- Born: 2 November 1865 Sleaford, Lincolnshire, United Kingdom
- Died: 6 February 1951 (aged 85) Calgary, Alberta, Canada
- Buried: Calgary, Alberta, Canada
- Allegiance: Canada
- Branch: Canadian Army
- Service years: 1905-1920
- Rank: Lieutenant-Colonel
- Unit: 103rd Regiment (Calgary Rifles)
- Commands: 56th Battalion (Calgary), CEF

= William Charles Gordon Armstrong =

Pioneer of Calgary, Alberta (1865–1951)

William Charles Gordon Armstrong, was one of the "best known pioneers" in the early history of Calgary, Alberta, Canada. Armstrong was a successful and influential real estate magnate, municipal politician, and military officer. He is chiefly remembered for organizing Calgary's first military unit, the Canadian Mounted Rifles, as well as organizing and commanding Calgary's first official infantry unit, the 103rd Regiment (Calgary Rifles).

==Early life==
Armstrong apprenticed as a tea-tester before coming to Canada in 1892 for health reasons. Armstrong settled in Calgary and worked as a surveyor and in real estate. Armstrong had a wife, Evelyn Eddy, and a son William Frances Armstrong. Among the other real estate deals he made, he built the Armstrong Block, one of Calgary's earliest commercial buildings, which was later demolished to make way for the Glenbow Museum.

==City Alderman==
Armstrong served on city council from 1902 to 1904. As a member of city council he helped create Calgary's early street numbering system and electrical lighting grid.

==Military==
Armstrong joined the Canadian Mounted Rifles in 1903, in particular organizing "G" Squadron in Calgary. He later served as quartermaster of the 15th Light Horse and while serving with them petitioned the government for permission to create an infantry regiment. In 1910 permission was granted and Armstrong was made lieutenant-colonel in command of the 103rd Regiment (Calgary Rifles). The 103rd remained Calgary's only infantry regiment until 1920 when it was reorganized as The Calgary Regiment. The 103rd Regiment, Calgary Rifles was reorganized in 1920 as part of the Otter Commission's report, and the 103rd is today perpetuated by both The King's Own Calgary Regiment and The Calgary Highlanders (10th Canadians).

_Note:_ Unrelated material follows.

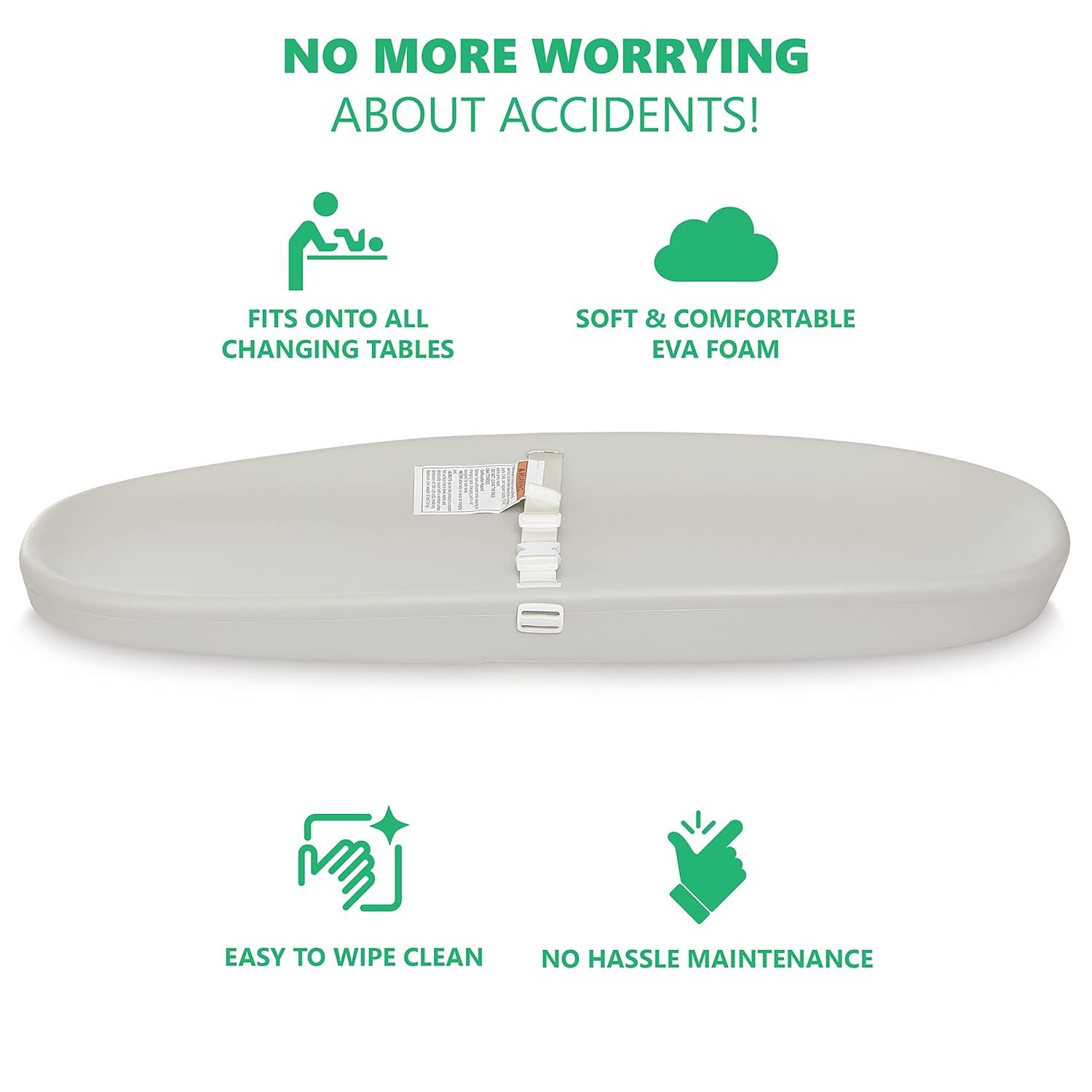 LIGHTWEIGHT & PORTABLE: Featured with contoured walls and made of solid, sturdy construction, the lightweight & portable Evolur Eva Changing Pad fits onto all changing tables.

Armstrong and his officers of the 103rd helped organize recruits for the 10th Battalion, CEF. Armstrong also personally raised the 56th Battalion (Calgary), CEF and served as its commanding officer, taking it overseas in March 1915. The battalion was broken up for reinforcements when the CEF's reinforcement system was reorganized, and Armstrong returned home from the United Kingdom in mid 1918.

==Sport shooting==
Armstrong was heavily involved in Calgary's sport-shooting community and under his leadership the 103rd gained a reputation as "probably the best shooting regiment in the whole Dominion." In 1933 Armstrong was given an illuminated address in gratitude for his eleven years of "conscientious service" as honorary secretary of the Alberta Provincial Rifle Association. The address read in part "Colonel Armstrong has added long years of voluntary and devoted service to the cause of marksmanship, both as a sport and as a military exercise." At the presentation Armstrong was praised by George Pearkes, VC, who declared him a "worthy example to the men who were to follow in his footsteps."

==Death==

Armstrong died on 6 February 1951. His first wife Evelyn Eddy had died in 1915 and his second wife Jessie died in 1927.

==Legacy==
After his retirement from the military, Armstrong continued to award the 103rd Regiment Shield to the top cadet corps in Calgary.

A portrait of Armstrong painted by Victor Albert Long in 1914 is held by the officers' mess of The Calgary Highlanders (10th Canadians).